:: Task goal ::
Please reproduce the data exactly, though every picture must stay out.

:: Extracted entries ::
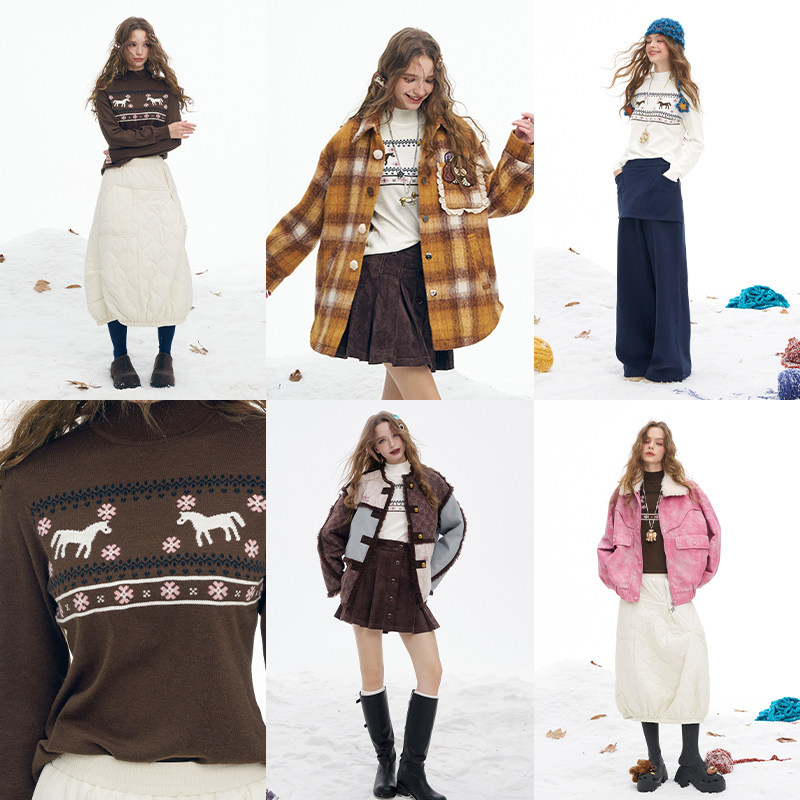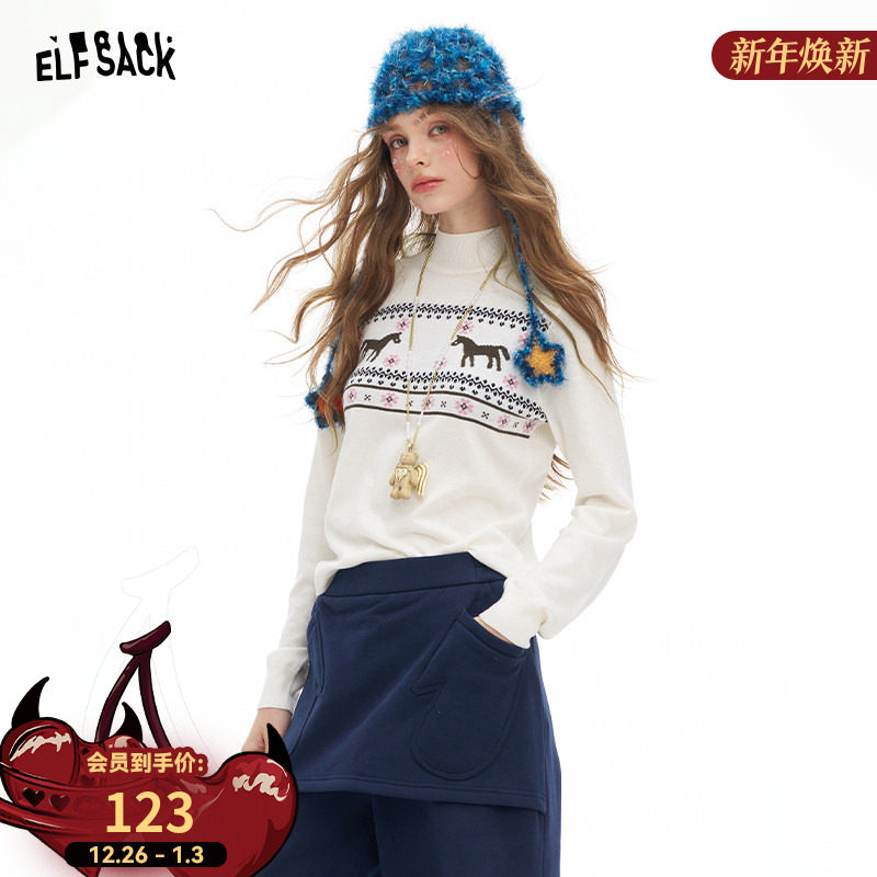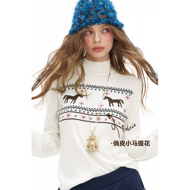 妖精的口袋小马提花修身高领针织衫女2025年冬季新款绵羊毛打底衫
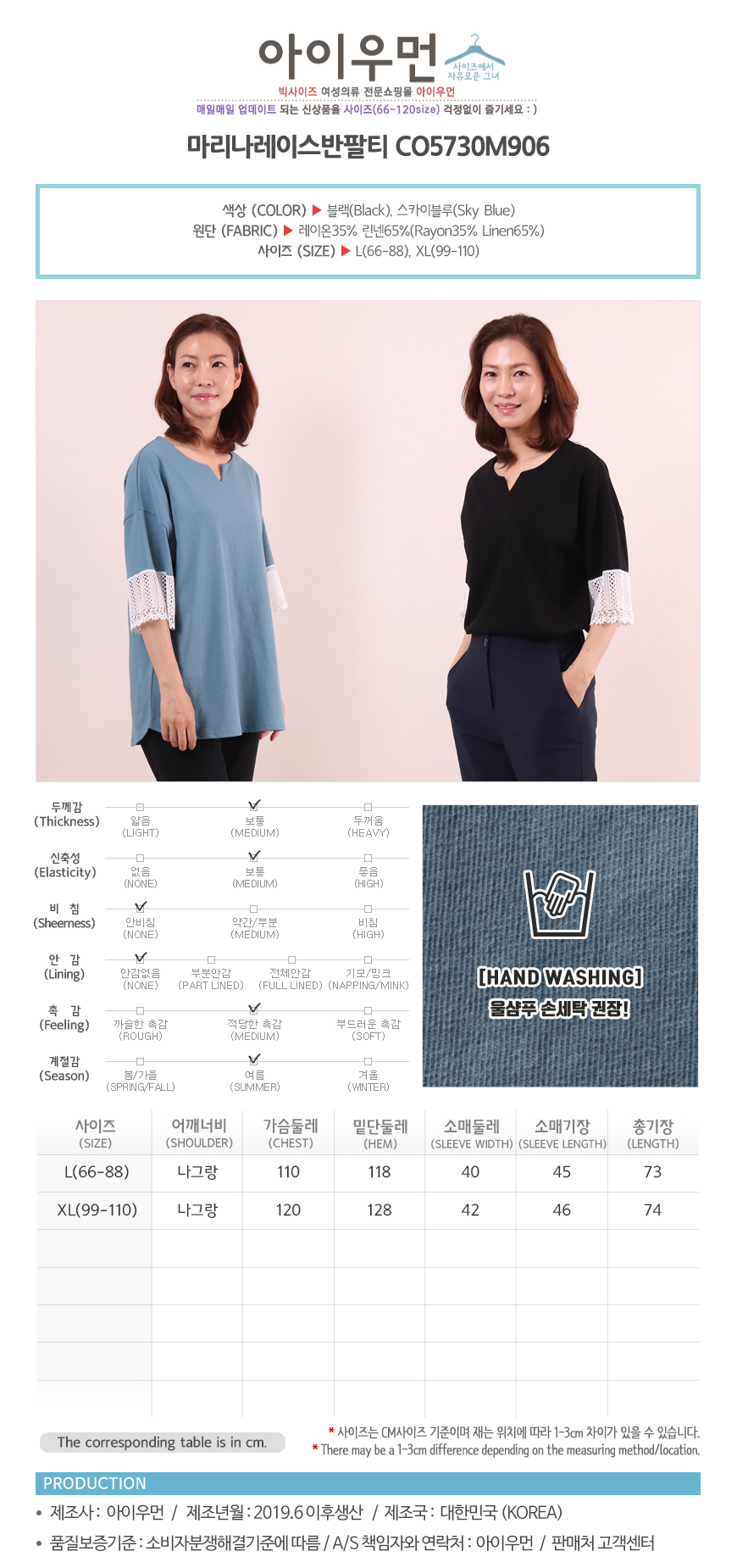 여성의류 | 마리나레이스반팔티 CO5730M906 빅사이즈
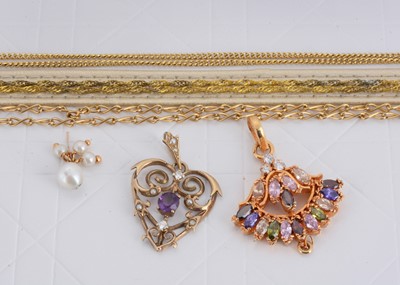 Lot 164 - A 9ct gold amethyst diamond and seed pearl heart shaped pendant
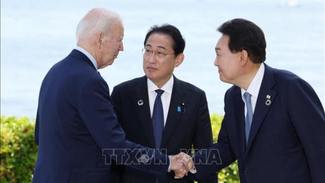 (VOVWORLD) - ກອງປະຊຸມສຸດຍອດ ອາເມລິກາ - ຍີ່ປຸ່ນ - ສ.ເກົາຫຼີ ສ້າງຂີດໝາຍເປັນຄັ້ງທຳອິດ ທີ່ທ່ານປະທານາທິບໍດີ Biden ໃຫ້ການຕ້ອນຮັບບັນດາການນຳຕ່າງປະເທດ ມາຍັງ ຄ້າຍ David ນັບແຕ່ເວລາທ່ານດຳລົງຕຳແໜ່ງໃນປີ 2021.
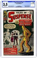Starts Jan 3 Cover pencils by Jack Kirby, inks by Sol Brodsky. Iron Man gets a snazzy new costume in "The Mysterious Mr. Doll!", script by Stan Lee, pencils by Steve Ditko, inks by Dick Ayers; Mister Doll uses magic dolls to take over whole companies; Iron Man stops him with the help of a new suit of armor. "The Pact," art by Joe Maneely; An historian writing about the trial and execution of his ancestor for witchcraft interviews the only remaining party concerned in the case: the Devil. "Kraddak," script by Stan Lee (plot) and Larry Lieber (script), pencils by Larry Lieber, inks by George Roussos (as G. Bell); An alien tells a greedy mine owner that he will be killed in a fall; The mine owner hides at the lowest possible point in his mine. 36 pgs., full color. $0.12. Cover price $0.12.
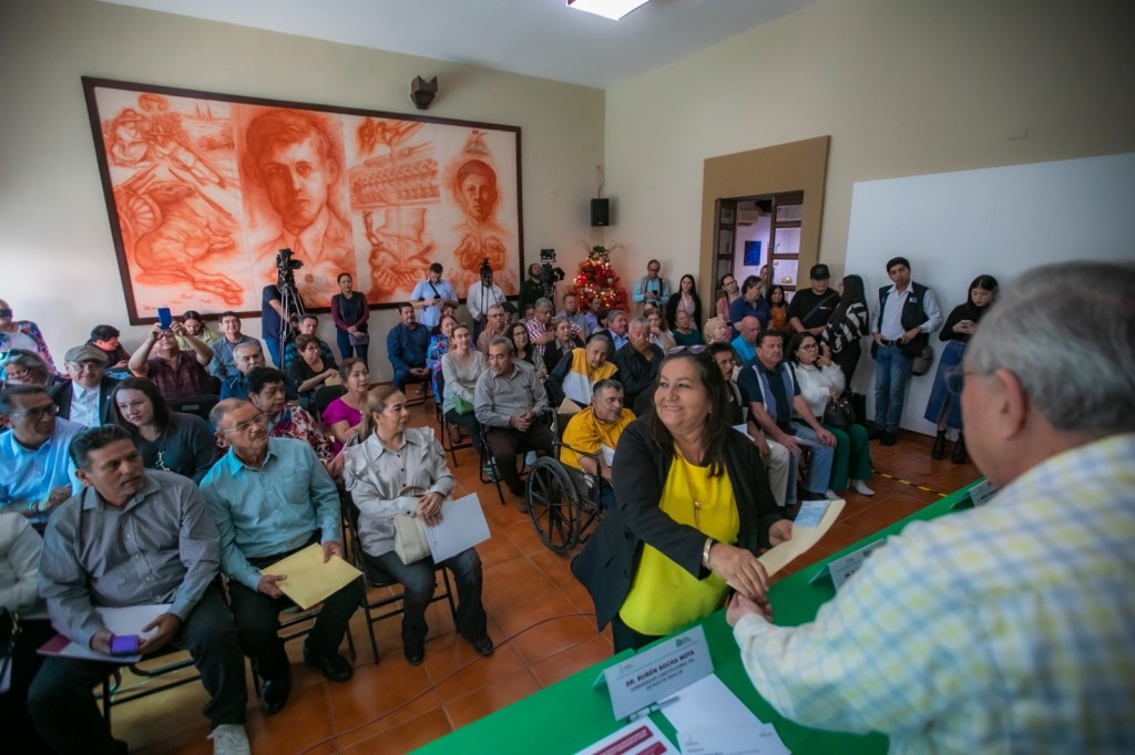 Culiacán, Sinaloa, diciembre del 2023.- El gobernador Rubén Rocha Moya, acompañado por el director General de COBAES Santiago Inzunza Cázarez hizo entrega de 46 gratificaciones por jubilación para el personal de esta institución quienes dedicaron décadas de servicio en pro a la juventud, la educación y un mejor desarrollo para el futuro del estado.

:: Task output ::
 妖精的口袋小马提花修身高领针织衫女2025年冬季新款绵羊毛打底衫
 여성의류 | 마리나레이스반팔티 CO5730M906 빅사이즈
 Lot 164 - A 9ct gold amethyst diamond and seed pearl heart shaped pendant
 (VOVWORLD) - ກອງປະຊຸມສຸດຍອດ ອາເມລິກາ - ຍີ່ປຸ່ນ - ສ.ເກົາຫຼີ ສ້າງຂີດໝາຍເປັນຄັ້ງທຳອິດ ທີ່ທ່ານປະທານາທິບໍດີ Biden ໃຫ້ການຕ້ອນຮັບບັນດາການນຳຕ່າງປະເທດ ມາຍັງ ຄ້າຍ David ນັບແຕ່ເວລາທ່ານດຳລົງຕຳແໜ່ງໃນປີ 2021.
Starts Jan 3 Cover pencils by Jack Kirby, inks by Sol Brodsky. Iron Man gets a snazzy new costume in "The Mysterious Mr. Doll!", script by Stan Lee, pencils by Steve Ditko, inks by Dick Ayers; Mister Doll uses magic dolls to take over whole companies; Iron Man stops him with the help of a new suit of armor. "The Pact," art by Joe Maneely; An historian writing about the trial and execution of his ancestor for witchcraft interviews the only remaining party concerned in the case: the Devil. "Kraddak," script by Stan Lee (plot) and Larry Lieber (script), pencils by Larry Lieber, inks by George Roussos (as G. Bell); An alien tells a greedy mine owner that he will be killed in a fall; The mine owner hides at the lowest possible point in his mine. 36 pgs., full color. $0.12. Cover price $0.12.
 Culiacán, Sinaloa, diciembre del 2023.- El gobernador Rubén Rocha Moya, acompañado por el director General de COBAES Santiago Inzunza Cázarez hizo entrega de 46 gratificaciones por jubilación para el personal de esta institución quienes dedicaron décadas de servicio en pro a la juventud, la educación y un mejor desarrollo para el futuro del estado.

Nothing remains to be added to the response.